ExoLocator is a collection of protein coding exons from vertebrate genomes. It contains exons annotated by the ENSEMBL pipeline, and by our own extended search. We look for ostensibly missing exons by similarity to known exon sequences from taxonomically close species.
In our search we rely on USEARCH, an established CPU based tool, as well as on SW# (pronounced "SW sharp" and available on Github), a program that implements hardware accelerated Smith-Waterman algorithm. It enables us to do dynamic programming search on genomic sequences of lengths that are typically tractable only by heuristic methods.
Collected sets of exons can be used, within the ExoLocator server, to estimate the conservation of residues within orthologous groups, as well as their specialization across paralogous families of proteins.

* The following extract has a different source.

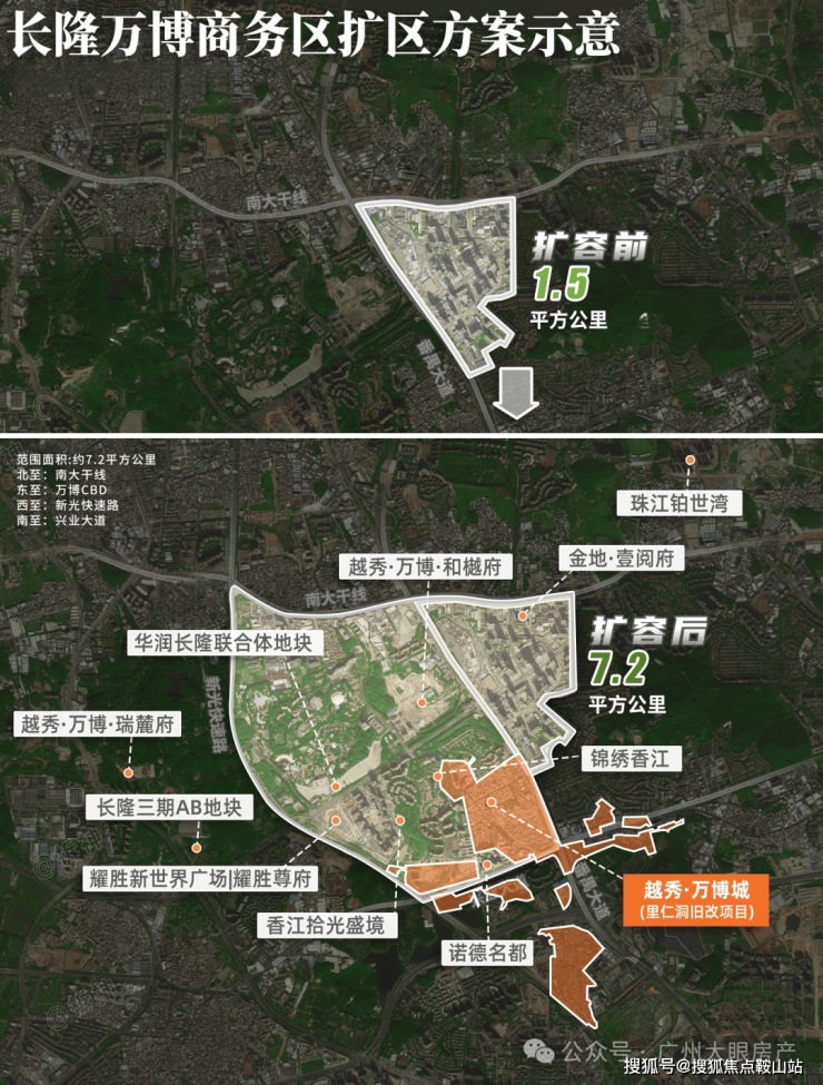 2023年4月,万博官宣扩容,占地面积由1.5平方公里延展至7.2平方公里,覆盖长隆、里仁洞片区,规模甚至超越6万平方公里的珠江新城,剑指世界级地标商圈。
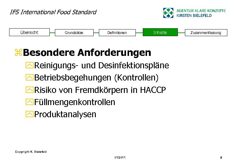 IFS International Food Standard Übersicht Grundsätze Definitionen Inhalte Zusammenfassung z. Besondere Anforderungen y. Reklamationen und Beanstandungen y. Produktsperrung und –freigabe y. Rückruf, Rücknahme y. Frühwarnsystem y. Korrekturmaßnahmen Copyright K. Bielefeld 01/2011 10

Citing ExoLocator. If you find ExoLocator useful in your work, please cite its companion publication: Khoo, Aik Aun, et al. "ExoLocator—an online view into genetic makeup of vertebrate proteins." Nucl. Acids Res. (1 January 2014) 42 (D1): D879-D881. doi: 10.1093/nar/gkt1164
Last modified Feb 2014: update to Ensembl v 74, including three new species (sheep, spotted gar and blind cavefish).
A note about sequence visualization in ExoLocator: ExoLocator uses JalView, a Java based browser plug-in for sequence alignment visualization. Without one of the newer versions of Java, the applet will not run, irrespective of the browser. Read more.
A note about alternative splicing information in ExoLocator: ExoLocator currently makes no attempt at predicting alternative splicing events. Rather, in the cases when it is available (for human and mouse genomes), it takes over the information from CCDS project.